Василид слушал рассеянно, но тут вставил слово:
— Вот, наверно, хорошо-то было — не скучно!
— Знаю, нелегко тебе одному. Но крепись: дух твой, приобщенный с младенчества к иноческой[17] жизни, в дальнейшем укрепится, в молитвах и труде будет утешение находить.
— Легко ли, отче… Вот третьего дня хотел я со щенком поиграть, так отец Евлогий щенка ногой пнул, а меня прогнал.
Игумен нахмурился.

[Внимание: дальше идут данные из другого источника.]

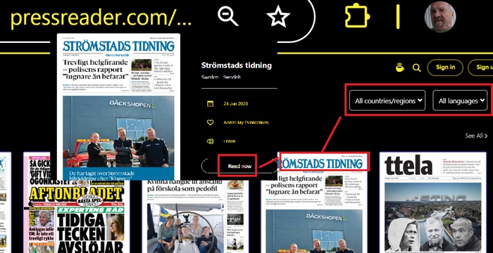 - Sök efter PressReader i deras e-resurser / digitala tjänster
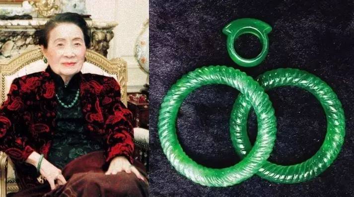宋美龄能活到100岁,估计也有“养生之王”翡翠的功劳~上图是她最著名的满绿翡翠首饰,将高龄老妇人衬托得高贵优雅。不过这些首饰,还真不是普通人戴得起的,价值连城!据说,光一只翡翠麻花手镯就值5000多万。

Опять этот казначей! Мало того, что злобствует на всех — теперь и к отроку придирается, хоть знает, что благоволит к нему настоятель. Но вслух сказал:
— Отец Евлогий строгих правил… Будь благочестив и кроток, никто тебя не упрекнет.
Василид давно приметил, что настоятель и сам недолюбливает казначея, но почему-то предпочитает не выказывать этого.
— Рисовать люблю, — вздохнул Василид, — коней, зверей разных. Да много ли нарисуешь, когда красок, кисточек нет…
— Ладно, что надо для рисования — раздобуду. Когда в город поеду, напомни. Только отцу Евлогию про то не говори. — Он легонько толкнул в бок мальчика: — Ишь, пострел, разжалобил старика…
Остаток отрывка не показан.